Datering
Maker onbekend
Jak voor een vrouw
Middag- of loopjak van ouderwets korenblauw uit 1900. Het model is oorspronkelijk uit 1920 maar is vermaakt. Het jak vertoont een 18de eeuwse nadenloop. Begin 19de eeuw werd het jak gestileerd naar de heersende mode. De hoge taillelijn op de rug is afgeleid van de empirestijl. In de 20ste eeuw zakt deze taillelijn en is na 1940 nagenoeg recht. Waarschijnlijk omdat het eenvoudiger en voordeliger knippen is zijn de mouwen deels aangeknipt.
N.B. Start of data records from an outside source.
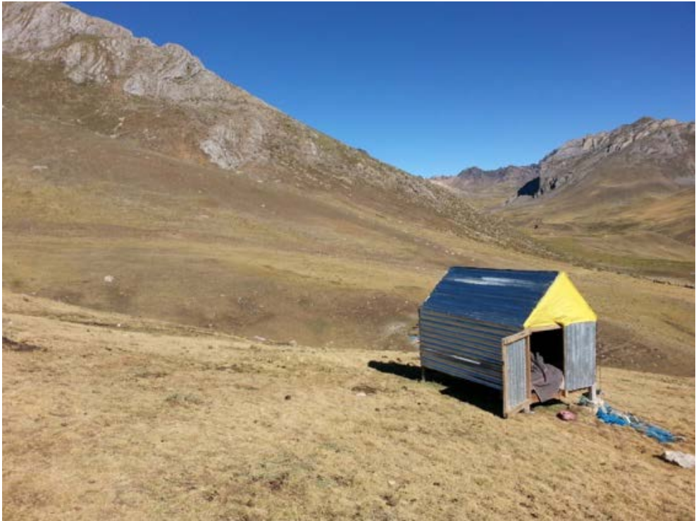
Photograph 3: Contemporary bedroom of house in Santa Barbara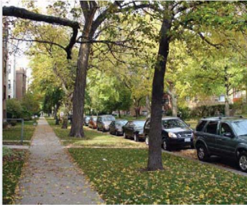
Figure 5:15 Great neighborhood streets have ample tree cover and good sidewalks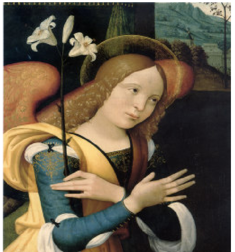
Annunciation 07 - 16 x 18 Wall Hanging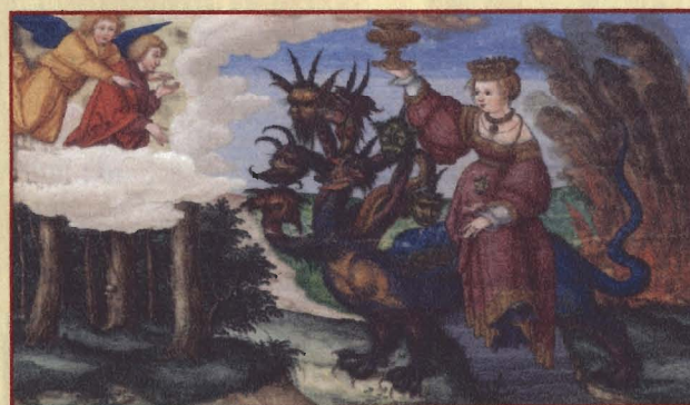
MYSTERY, BABYLON THE GREAT, THE MOTHER OF HARLOTS AND ABOMINATIONS OF THE EARTH.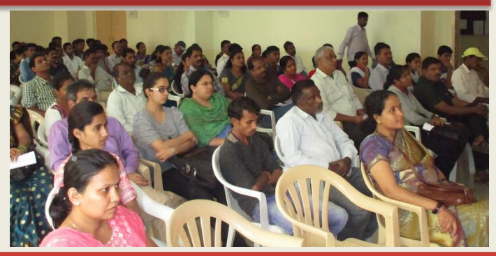
Co-Curricular Activities: Samvitti 2017 (25 March 2017)

Zwarte wollen jakken zijn voor de zware rouw. Hofrouw en swisserse jakken voor de lichte rouw. Brung voor de zondag, het dopen, belijdenis en het bruidsjak. Nachtgrondsits voor het bruidskostuum, dopen en belijdenis. Korenblauw voor door de week. Gooiers korenblauw voor de zondag. Het jak wordt nu alleen buiten in de winter gedragen. Tot in het begin van deze eeuw het gehele jaar. Dit jak is omstreeks 1938 aangepast aan de mode in de dracht. De schoten worden dan langer en omdat de kraplap breder is moeten ook de jakken verbreed. de achterplooi wordt vastgezet. Na 1945 worden de schoten weer korter. De plooien worden omstreeks 1950 vastgezet
Gedetailleerde beschrijving
Donkerblauwe ondergrond met klein bloemmotief in rood en geel, in de voorzijde van de schoot zijn andere lapjes verwerkt. Ook elders veel lapjes ingezet. Motief heet roosjes; korenblauw. Het model is vermaakt. De schoot is verlengd, plooi vast gezet Op de rug en aan de hals verbreed vanwege de kraplap. De figuurnaden van de hals naar de oksel zijn uitgelegd. De taillelijn is achter recht, boven de stolpplooi twee gekleurde knoopjes. Het jak sluit met 6 koperen haken en ogen, de manchetten sluiten met twee knoopjes, rechts twee zwarte, links een koperen en een stoffen knoop. De voering van het lijf is donkerblauwe keperkatoen, langs de hals links een klein ruitje rechts een grotere,De schoot is gevoerd met diverse blauw/witte ruiten, de ondermouwen met een kleine ruit, rood met een blauwe ruitstreep.